The data below should be printed in full, exactly, and without any of its images.

_DATA_

- Opening Delimiter -

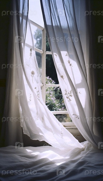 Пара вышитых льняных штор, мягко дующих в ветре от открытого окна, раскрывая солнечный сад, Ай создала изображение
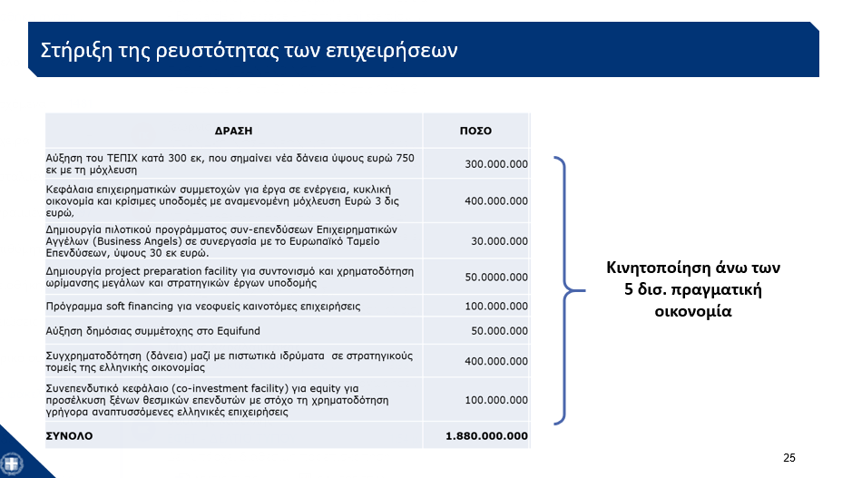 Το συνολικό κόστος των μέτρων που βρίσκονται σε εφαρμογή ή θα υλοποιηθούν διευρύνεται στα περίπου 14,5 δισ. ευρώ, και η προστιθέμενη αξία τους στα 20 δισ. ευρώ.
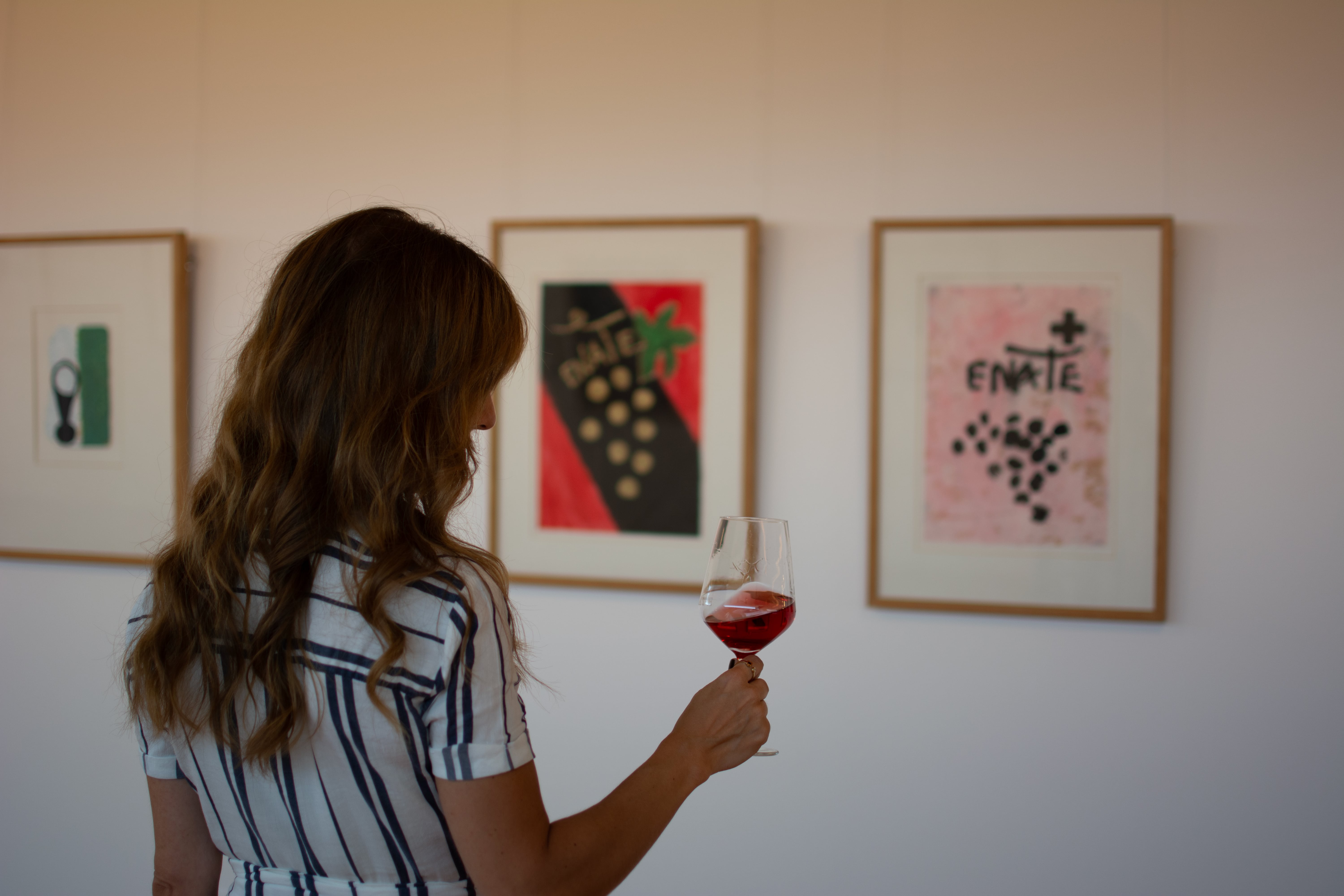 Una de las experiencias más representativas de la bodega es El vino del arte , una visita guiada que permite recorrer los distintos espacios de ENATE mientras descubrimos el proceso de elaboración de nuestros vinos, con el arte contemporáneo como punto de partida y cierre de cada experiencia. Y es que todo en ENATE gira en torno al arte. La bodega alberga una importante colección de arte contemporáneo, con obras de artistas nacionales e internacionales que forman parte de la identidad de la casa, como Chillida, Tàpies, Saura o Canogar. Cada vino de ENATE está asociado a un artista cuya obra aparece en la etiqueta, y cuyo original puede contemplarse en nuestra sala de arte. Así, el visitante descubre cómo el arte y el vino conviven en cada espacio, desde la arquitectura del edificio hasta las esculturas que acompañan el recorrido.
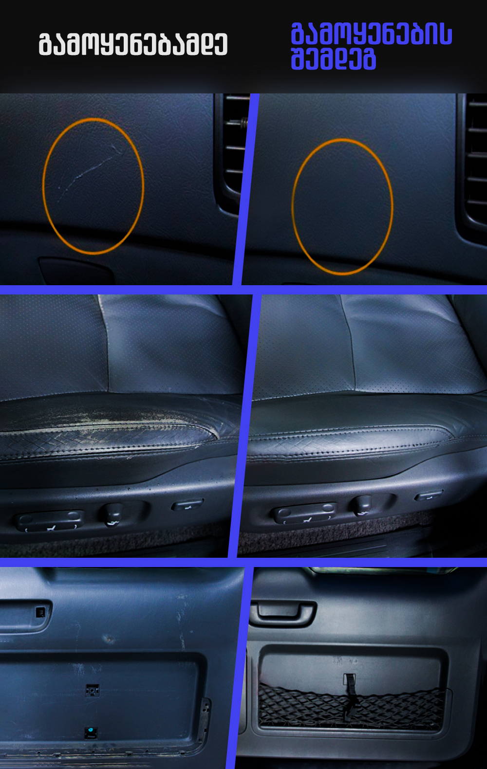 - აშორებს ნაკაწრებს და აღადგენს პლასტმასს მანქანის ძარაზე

- Closing Delimiter -

_PROBLEM SOLUTION_
 Пара вышитых льняных штор, мягко дующих в ветре от открытого окна, раскрывая солнечный сад, Ай создала изображение
 Το συνολικό κόστος των μέτρων που βρίσκονται σε εφαρμογή ή θα υλοποιηθούν διευρύνεται στα περίπου 14,5 δισ. ευρώ, και η προστιθέμενη αξία τους στα 20 δισ. ευρώ.
 Una de las experiencias más representativas de la bodega es El vino del arte , una visita guiada que permite recorrer los distintos espacios de ENATE mientras descubrimos el proceso de elaboración de nuestros vinos, con el arte contemporáneo como punto de partida y cierre de cada experiencia. Y es que todo en ENATE gira en torno al arte. La bodega alberga una importante colección de arte contemporáneo, con obras de artistas nacionales e internacionales que forman parte de la identidad de la casa, como Chillida, Tàpies, Saura o Canogar. Cada vino de ENATE está asociado a un artista cuya obra aparece en la etiqueta, y cuyo original puede contemplarse en nuestra sala de arte. Así, el visitante descubre cómo el arte y el vino conviven en cada espacio, desde la arquitectura del edificio hasta las esculturas que acompañan el recorrido.
 - აშორებს ნაკაწრებს და აღადგენს პლასტმასს მანქანის ძარაზე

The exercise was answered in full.